- Exercise goal: Print only the lines below from the one with "It’s a big day" to the one with "寮の竣工式の日、宮殿のような", both included, exactly as they stand. Leave pictures out.

Segment Start: Data extracts

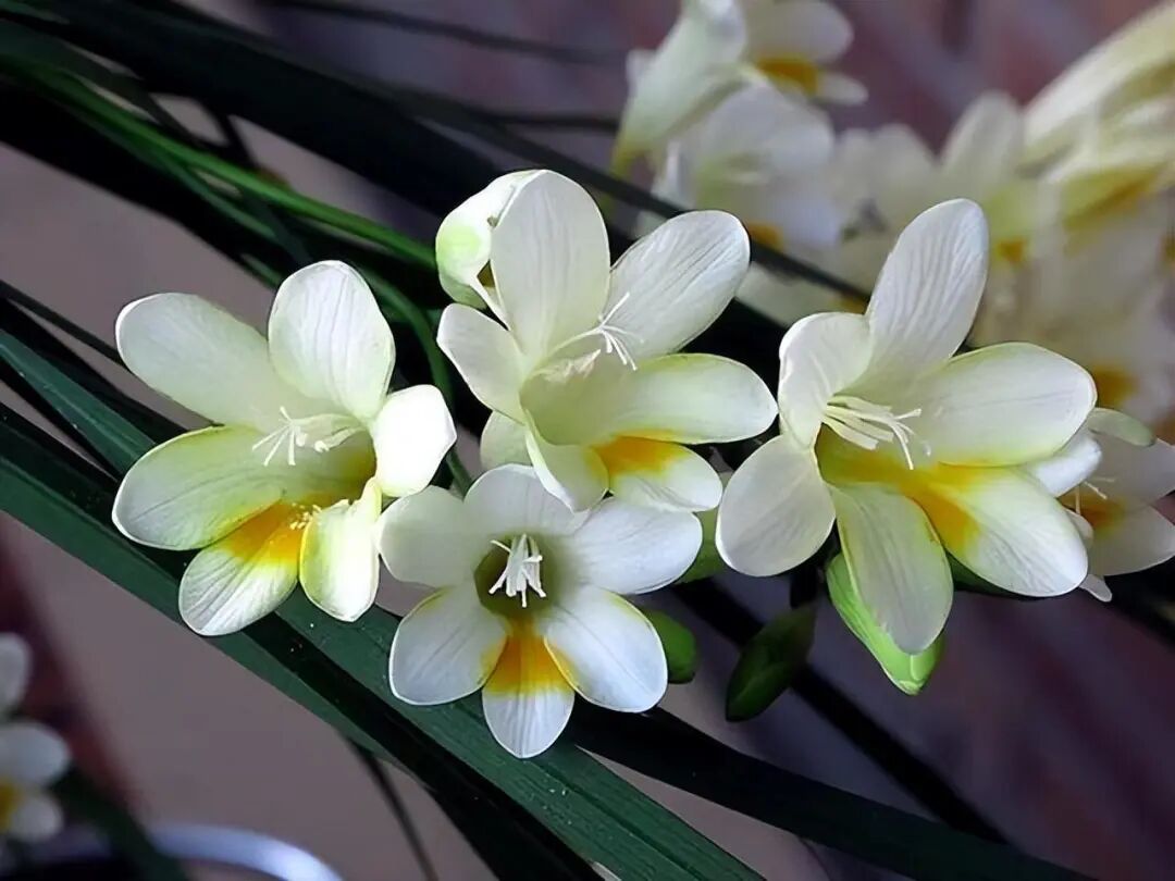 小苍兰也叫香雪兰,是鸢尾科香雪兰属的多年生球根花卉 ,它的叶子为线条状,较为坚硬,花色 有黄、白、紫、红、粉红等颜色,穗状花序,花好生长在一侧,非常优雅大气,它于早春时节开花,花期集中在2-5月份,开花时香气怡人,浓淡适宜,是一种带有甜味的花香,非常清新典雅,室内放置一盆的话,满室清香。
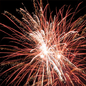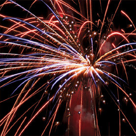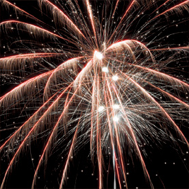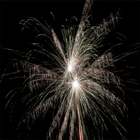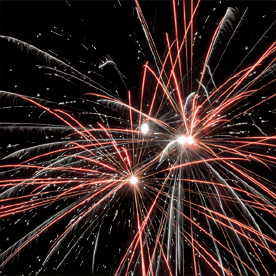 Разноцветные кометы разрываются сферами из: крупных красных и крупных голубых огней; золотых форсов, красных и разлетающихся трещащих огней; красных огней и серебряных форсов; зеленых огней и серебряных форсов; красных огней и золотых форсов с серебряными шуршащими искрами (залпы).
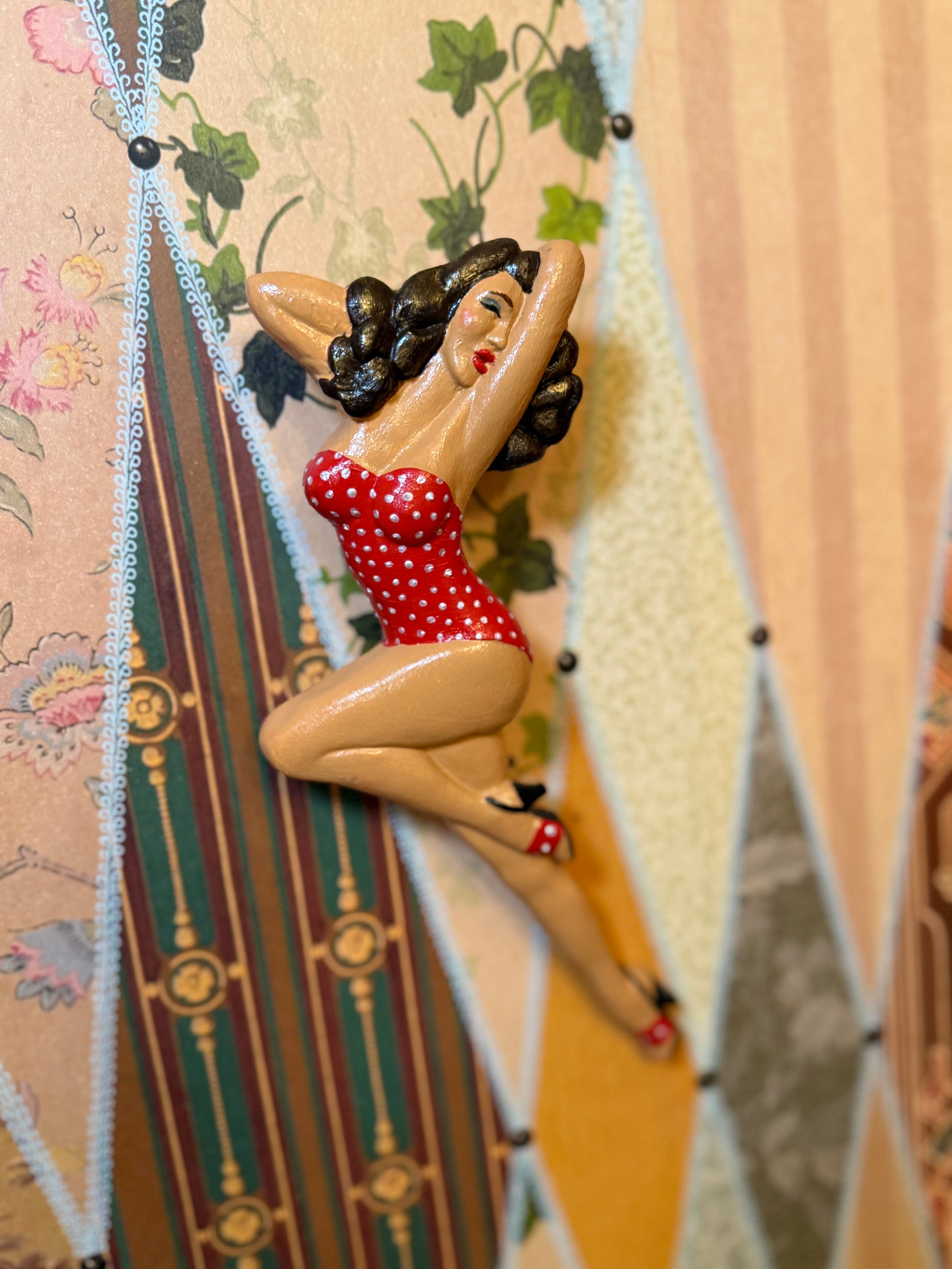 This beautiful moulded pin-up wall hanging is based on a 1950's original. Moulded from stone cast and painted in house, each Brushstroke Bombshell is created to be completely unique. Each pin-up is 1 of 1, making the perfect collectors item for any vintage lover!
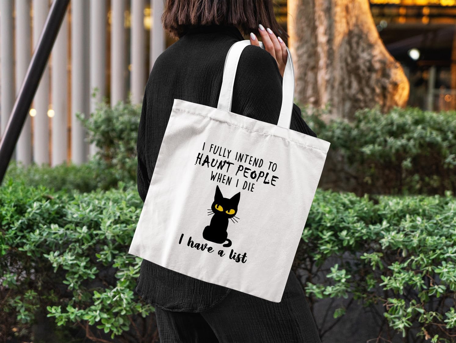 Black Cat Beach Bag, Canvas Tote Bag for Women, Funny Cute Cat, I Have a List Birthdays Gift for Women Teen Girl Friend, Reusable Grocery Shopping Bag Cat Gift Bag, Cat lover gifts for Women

Segment End: Data extracts
Segment Start: Data extracts

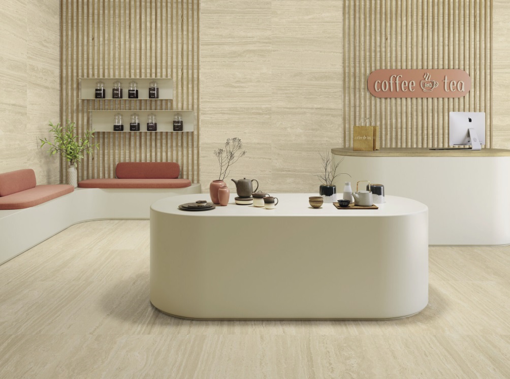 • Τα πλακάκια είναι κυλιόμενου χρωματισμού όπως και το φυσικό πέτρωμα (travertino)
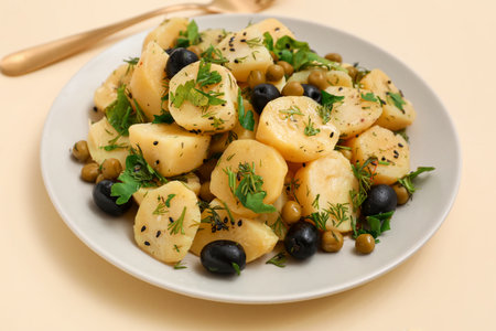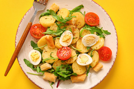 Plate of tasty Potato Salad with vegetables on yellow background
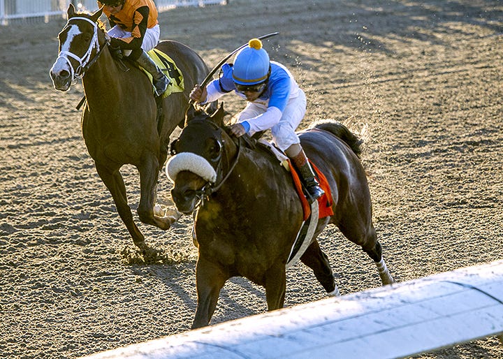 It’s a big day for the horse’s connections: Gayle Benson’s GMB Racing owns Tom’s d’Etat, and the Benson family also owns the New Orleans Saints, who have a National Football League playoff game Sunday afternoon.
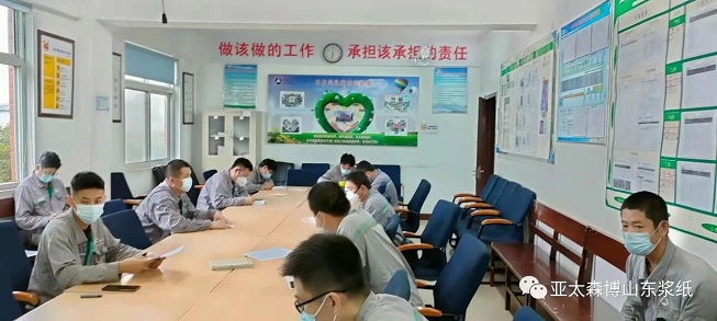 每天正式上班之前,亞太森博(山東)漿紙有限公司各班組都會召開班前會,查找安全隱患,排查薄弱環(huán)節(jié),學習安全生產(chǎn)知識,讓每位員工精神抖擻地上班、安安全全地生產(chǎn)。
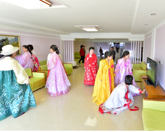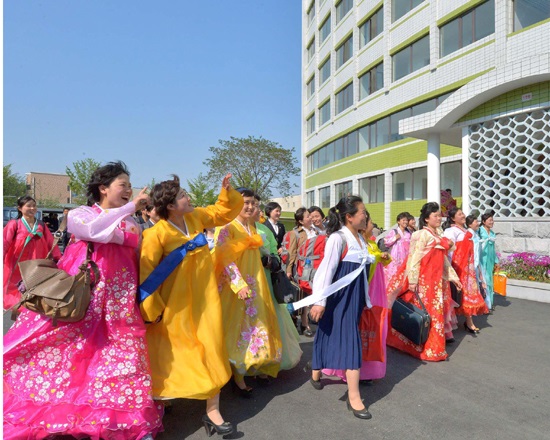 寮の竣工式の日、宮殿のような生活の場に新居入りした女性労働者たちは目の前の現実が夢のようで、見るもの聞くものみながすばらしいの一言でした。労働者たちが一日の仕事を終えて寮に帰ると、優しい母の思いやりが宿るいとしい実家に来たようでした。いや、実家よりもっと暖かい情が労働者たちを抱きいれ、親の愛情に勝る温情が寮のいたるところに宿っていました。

Segment End: Data extracts

- Your response:
 It’s a big day for the horse’s connections: Gayle Benson’s GMB Racing owns Tom’s d’Etat, and the Benson family also owns the New Orleans Saints, who have a National Football League playoff game Sunday afternoon.
 每天正式上班之前,亞太森博(山東)漿紙有限公司各班組都會召開班前會,查找安全隱患,排查薄弱環(huán)節(jié),學習安全生產(chǎn)知識,讓每位員工精神抖擻地上班、安安全全地生產(chǎn)。
 寮の竣工式の日、宮殿のような生活の場に新居入りした女性労働者たちは目の前の現実が夢のようで、見るもの聞くものみながすばらしいの一言でした。労働者たちが一日の仕事を終えて寮に帰ると、優しい母の思いやりが宿るいとしい実家に来たようでした。いや、実家よりもっと暖かい情が労働者たちを抱きいれ、親の愛情に勝る温情が寮のいたるところに宿っていました。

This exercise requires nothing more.